少年は怯え切っており、兵士が何かをする度にビクビクと肩をびくつかせている。
「アジトの場所さえ吐けば、お前だけは助けてやるぞ?」
そんなことを言いながら詰め寄ってくる兵士に、少年は頑なに首を左右に振った。
「頑固なガキだな……一回痛い目見ねぇと……」
言いつつ、男は腰に下げている剣を抜いた。
「わかんねえか?」
剣先を突きつけられた少年は、今にも泣き出しそうな表情を浮かべながらも、首を左右に振っていた。
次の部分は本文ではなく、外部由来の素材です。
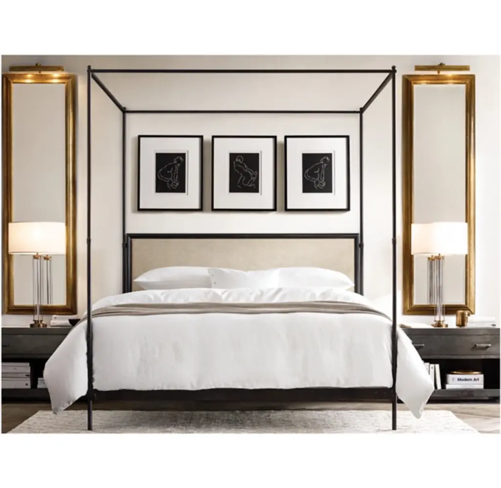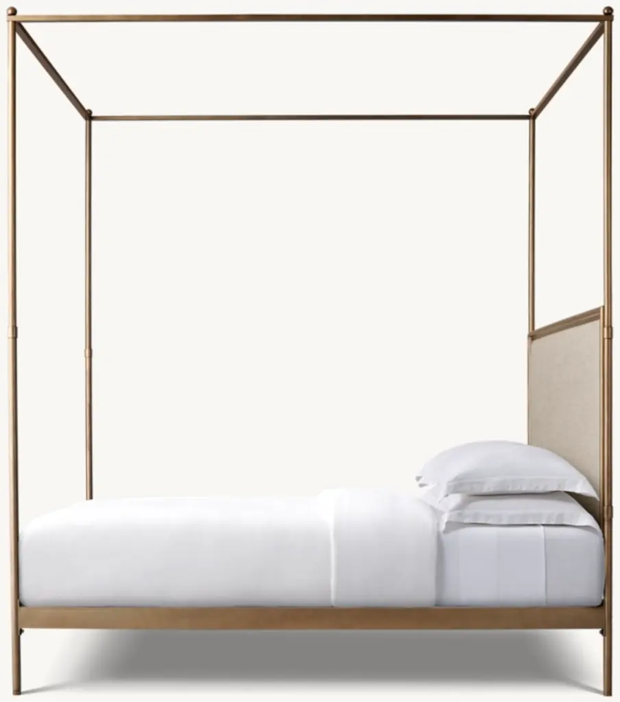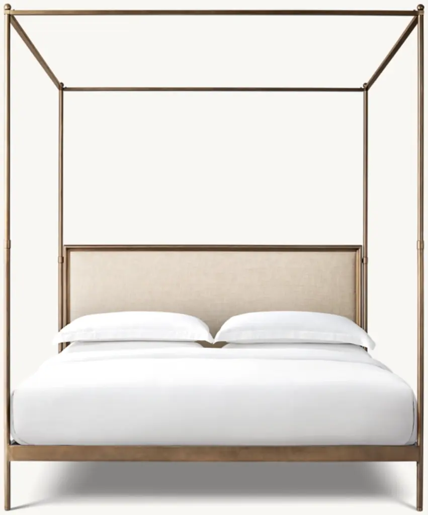 Commissioned by military officers to make life on the march as gracious as life at home, French campaign furniture merged elegant design with rugged portability. This canopy bed echoes the style of its 18th- and 19th-century predecessors with a linear silhouette, slender posts and an unadorned headboard.ALSO AVAILABLE IN LEATHERSHOP ALL MATTRESSES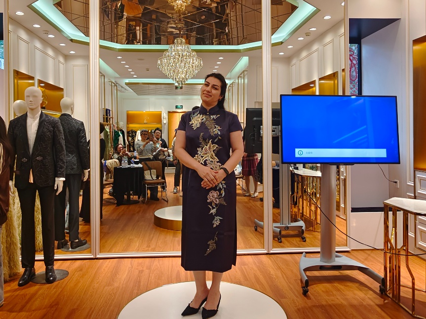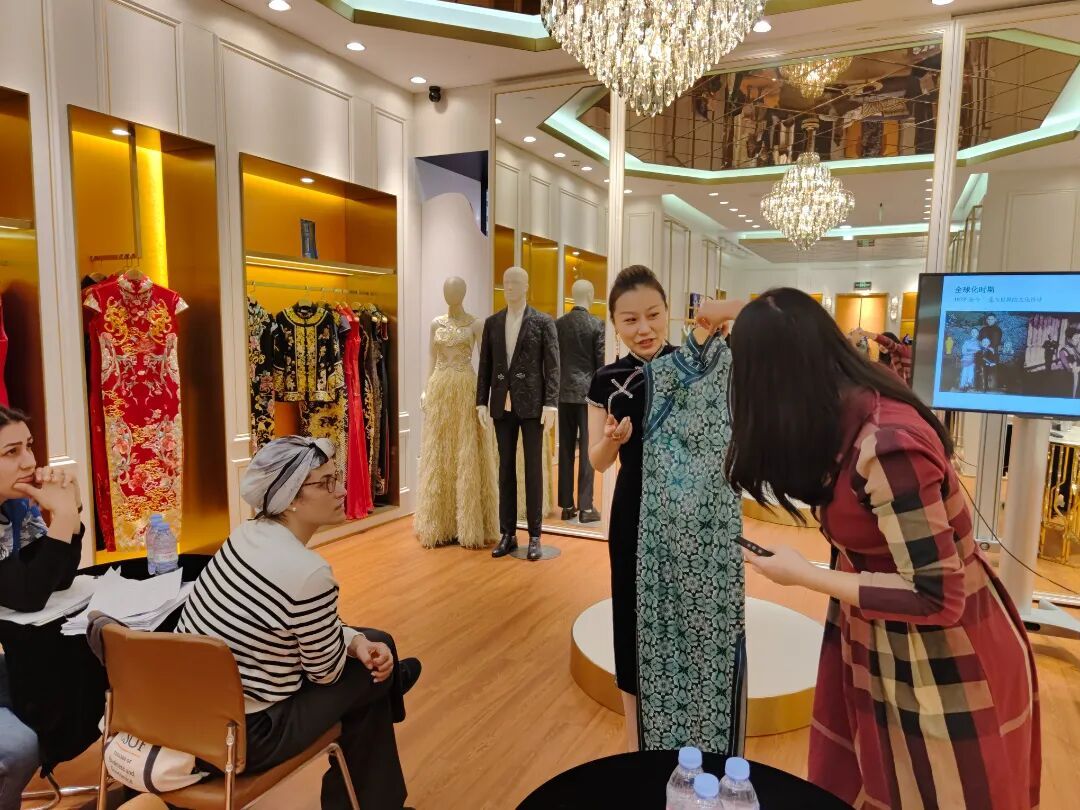 近日,走进虹口——虹口区外国人才中文培训班(秋季班)结业课程把课堂搬进了蔓楼兰海派旗袍门店中,来自本市各大高校、科研机构以及本区外资企业的外籍人才们近距离感受海派旗袍的独特魅力与上海文化的深厚底蕴。 “制作旗袍需要68道工序,其中8道工序是最重要的。”课堂上,蔓楼兰的工作人员介绍了旗袍的起源、历史和制作工序,并以店铺内展示的旗袍为范本,向外籍人才们细致讲解海派旗袍的历史渊源、工艺特点与文化内涵。从盘扣的传统工艺技法,到不同面料的运用,再到旗袍的搭配技巧,工作人员的讲解生动有趣,还邀请外籍人才触摸面料、观察盘扣细节,让大家对旗袍的认知从“视觉欣赏”转向“触觉感知”。 现场,来自伊朗的纱哈耶(Shaghayegh)还在工作人员的指导下一针一线仔细地绣着旗袍上的图案,娴熟的指法引得在场人员啧啧称奇。 “我平时在家就喜欢女红,所以用起针线来特别熟练。”纱哈耶边向记者展示手机中伊朗传统服饰的照片边说,这些衣服领口、袖口上的图案和旗袍上的图案很类似,而且也是由手工制作的,这就是文化上的共同点。 随后,外籍人才们纷纷挑选起心仪的旗袍试穿。纱哈耶选择了一件藏青色的旗袍,并在工作人员的指导下摆起了优美的姿势。“旗袍穿起来也很有亲切感,它不仅是一件服饰,更是艺术品!”纱哈耶说。 经过挑选,大家穿上了自己心仪的旗袍和上衣,并共同留下合影。 在当天的课程中,上海外国语大学中文学院的张熠程老师还向大家介绍了常见服饰的中文表达,并邀请外籍人才们现场对话,介绍这些中文在日常生活的运用。 本次虹口区外国人才中文培训班(秋季班)自9月20日起开班,每周一次。除了在教室中教授外籍人才们学习中文外,还把课堂搬到了虹口的街道、菜场、医院和社区文化活动中心等虹口特色景点、地标。

その少年の態度に、剣を少年へ向けた兵士は表情を怒りで歪めると、剣を振り上げた――が、その剣は背後に現れた何者かによって取り上げられる。
「痛い目見んのはテメエの方だ」
兵士が振り向くと、そこにいたのはローブを着込んだ白髪の少年――――チリーだった。
チリーは兵士が何か言うよりも早く、兵士の顔面にその右拳を叩き込んでダウンさせると、間髪入れずに残りの兵士にも殴りかかる。
そして一分と経たない内に、その路地裏で立っているのはチリーと、その少年だけになった。
「おい、大丈夫か?」
チリーの問いに、少年は安心したような表情を浮かべ、ありがとう、とチリーへ頭を下げた。